Truthfully, some stereotypes stubbornly remain like ghosts of a spaghetti dinner past on a white shirt. Mighty efforts over years to change or eradicate some negative stereotypes have made only the slightest dent. Consider pre-election concerns about Mrs. Obama’s public image. You see, beneath the veneer of social equity in the USA there is an embedded social Darwinist principle still in operation that encourages society to expect less from, consider as ugly and think less of some of us believed to really belong to another species closer to animals than people–devaluation.
Living in a nation very averse to talking about death and mortality except in clinical whispers sometimes makes it feel as if living in a scene from “Logan’s Run”. Making old people the butt of jokes or keeping them out of sight seems to be the only way this society can handle the reality of aging. We fear old women. We laugh at old men.
Women still see a fun house mirror image of themselves. We use products and knives to starve and carve ourselves into the perfect image of beauty and youth. All these realities and more is why there are still advice sections pointed at specific populations whenever the discussion turns to job hunting–especially presentation for the interview.
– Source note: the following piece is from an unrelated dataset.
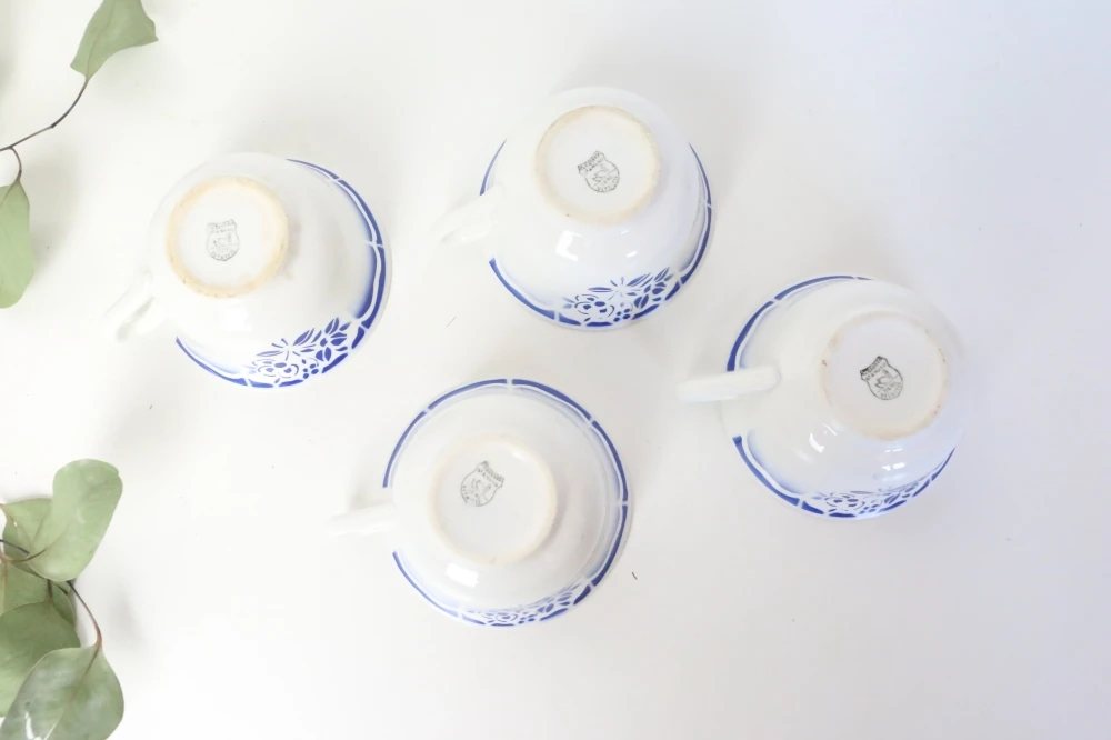 Voici un joli set de 4 tasses anciennes de la faïencerie française Céranord et éditées dans les années 50.

…And my classmates are still asking things like, “shall I dye my gray?”
…And some employers are telling female employees, “if you do dye make sure you keep that dye job done…”
We must all be aware that a potential employer makes a judgment about a “contestant’ within the first 30 seconds of an interview. Remember Susan Boyle, the plain-looking Scottish woman with the heavenly voice? At first derided and laughed at, nobody was laughing by the last note of her song.
There is an ideal of beauty in this society and entire industries–you know who you are–dedicate themselves to making people feel dissatisfied with themselves more out of concern for the bottom line than public health. My studied interest is rooted partly in the reality of being a “Baby Boom era” professional woman of color, of queenly stature, and in the autumn of life. My log entry about the experience of becoming “invisible” as I entered midlife is in an article entitled, “The Autumn of Life”, written for Waverly Fitzgerald’s Living In Season.
Brothers and sisters I have to tell you: few potential employers are going to wait to “hear your song”. The stereotypes attached to certain aspects of appearance cannot always be mollified. We have to “stack the deck” in our favor by presenting the best image possible.